─── Exercise data ───

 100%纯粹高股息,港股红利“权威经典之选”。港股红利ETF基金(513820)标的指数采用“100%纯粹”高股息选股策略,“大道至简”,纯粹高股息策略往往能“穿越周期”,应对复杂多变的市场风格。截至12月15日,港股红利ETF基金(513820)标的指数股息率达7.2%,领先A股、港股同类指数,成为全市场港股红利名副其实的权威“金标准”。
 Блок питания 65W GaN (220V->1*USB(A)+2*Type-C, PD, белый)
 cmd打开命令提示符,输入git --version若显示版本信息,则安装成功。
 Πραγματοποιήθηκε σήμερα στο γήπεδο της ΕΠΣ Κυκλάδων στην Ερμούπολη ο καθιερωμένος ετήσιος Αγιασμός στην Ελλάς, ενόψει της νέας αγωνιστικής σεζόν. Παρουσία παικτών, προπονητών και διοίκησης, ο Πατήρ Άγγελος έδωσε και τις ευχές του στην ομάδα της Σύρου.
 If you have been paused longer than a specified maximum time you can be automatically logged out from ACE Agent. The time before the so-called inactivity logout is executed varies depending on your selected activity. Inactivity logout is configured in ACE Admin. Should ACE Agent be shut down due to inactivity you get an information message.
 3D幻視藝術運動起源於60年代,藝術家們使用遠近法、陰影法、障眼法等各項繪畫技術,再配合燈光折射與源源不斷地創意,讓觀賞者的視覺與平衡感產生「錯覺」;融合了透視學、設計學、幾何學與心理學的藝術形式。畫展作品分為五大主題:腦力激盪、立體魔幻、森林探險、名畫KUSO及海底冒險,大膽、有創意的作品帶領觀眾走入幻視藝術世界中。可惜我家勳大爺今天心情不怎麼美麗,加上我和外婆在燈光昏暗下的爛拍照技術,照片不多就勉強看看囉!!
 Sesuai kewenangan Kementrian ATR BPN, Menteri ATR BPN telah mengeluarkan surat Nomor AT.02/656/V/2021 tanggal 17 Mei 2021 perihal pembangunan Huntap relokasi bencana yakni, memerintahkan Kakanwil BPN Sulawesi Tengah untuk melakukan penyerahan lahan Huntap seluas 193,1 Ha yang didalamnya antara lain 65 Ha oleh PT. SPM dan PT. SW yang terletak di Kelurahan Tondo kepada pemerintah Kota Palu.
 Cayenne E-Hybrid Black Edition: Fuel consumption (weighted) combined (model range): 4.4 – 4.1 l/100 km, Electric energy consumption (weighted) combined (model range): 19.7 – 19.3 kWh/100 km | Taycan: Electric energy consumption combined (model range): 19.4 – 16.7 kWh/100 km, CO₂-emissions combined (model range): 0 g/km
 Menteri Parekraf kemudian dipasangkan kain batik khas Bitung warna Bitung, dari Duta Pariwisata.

───
─── Exercise data ───

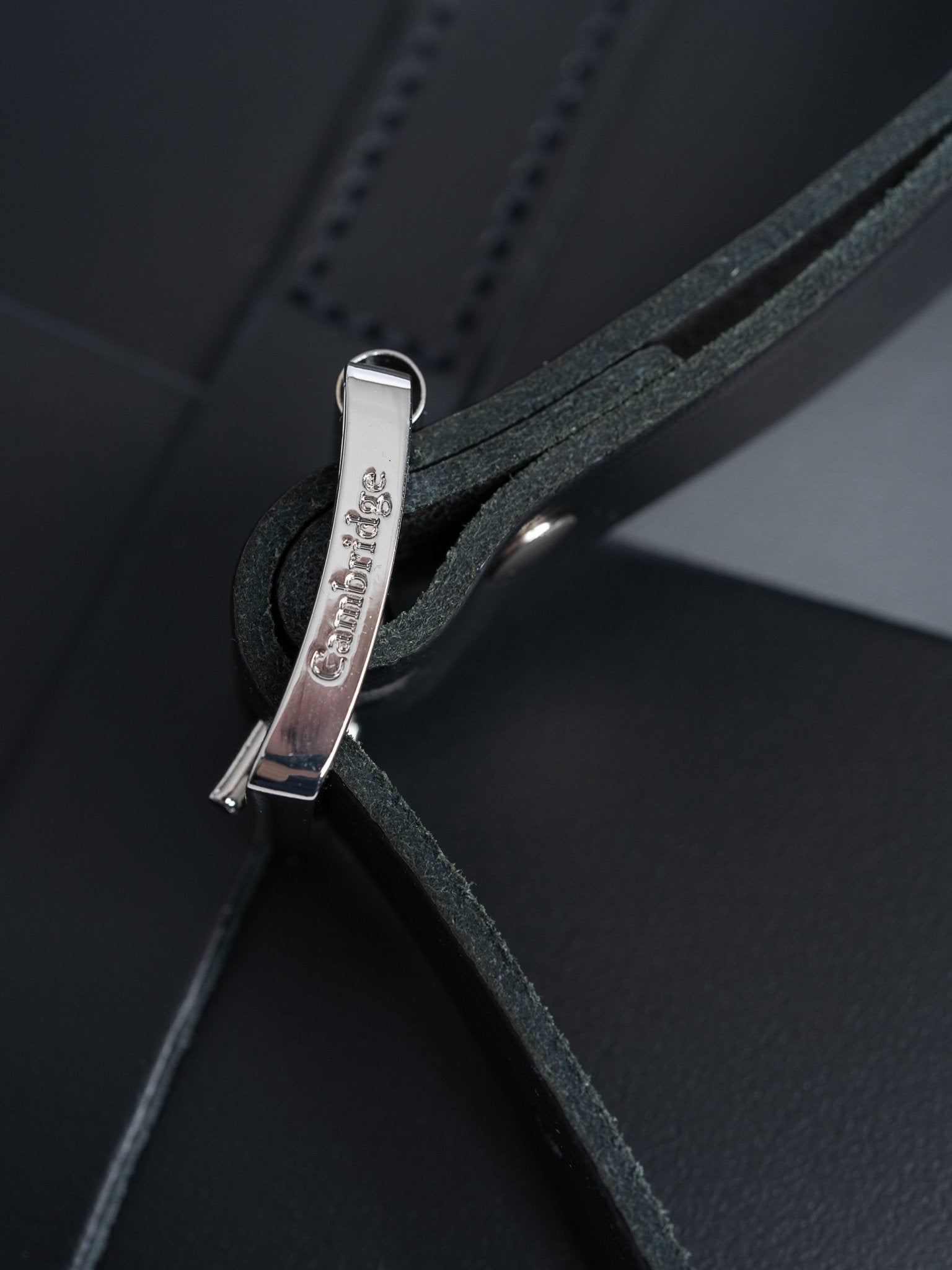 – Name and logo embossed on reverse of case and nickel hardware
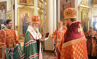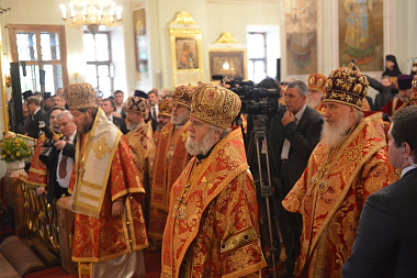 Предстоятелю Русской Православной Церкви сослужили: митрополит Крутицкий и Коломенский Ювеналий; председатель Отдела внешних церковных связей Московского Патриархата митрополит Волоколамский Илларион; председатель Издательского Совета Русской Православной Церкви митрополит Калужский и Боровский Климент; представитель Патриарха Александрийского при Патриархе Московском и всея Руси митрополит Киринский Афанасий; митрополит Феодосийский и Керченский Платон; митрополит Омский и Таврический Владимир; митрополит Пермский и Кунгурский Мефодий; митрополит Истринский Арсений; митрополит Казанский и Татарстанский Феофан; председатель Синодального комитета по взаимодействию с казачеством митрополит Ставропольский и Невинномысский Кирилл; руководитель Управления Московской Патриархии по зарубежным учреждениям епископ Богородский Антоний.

───

*Exercise*. Among the lines above, repeat exactly those from the line with "If you have" to the line with "3D幻視藝術運動起源於60年", counting both ends.

*Exercise answer*.
 If you have been paused longer than a specified maximum time you can be automatically logged out from ACE Agent. The time before the so-called inactivity logout is executed varies depending on your selected activity. Inactivity logout is configured in ACE Admin. Should ACE Agent be shut down due to inactivity you get an information message.
 3D幻視藝術運動起源於60年代,藝術家們使用遠近法、陰影法、障眼法等各項繪畫技術,再配合燈光折射與源源不斷地創意,讓觀賞者的視覺與平衡感產生「錯覺」;融合了透視學、設計學、幾何學與心理學的藝術形式。畫展作品分為五大主題:腦力激盪、立體魔幻、森林探險、名畫KUSO及海底冒險,大膽、有創意的作品帶領觀眾走入幻視藝術世界中。可惜我家勳大爺今天心情不怎麼美麗,加上我和外婆在燈光昏暗下的爛拍照技術,照片不多就勉強看看囉!!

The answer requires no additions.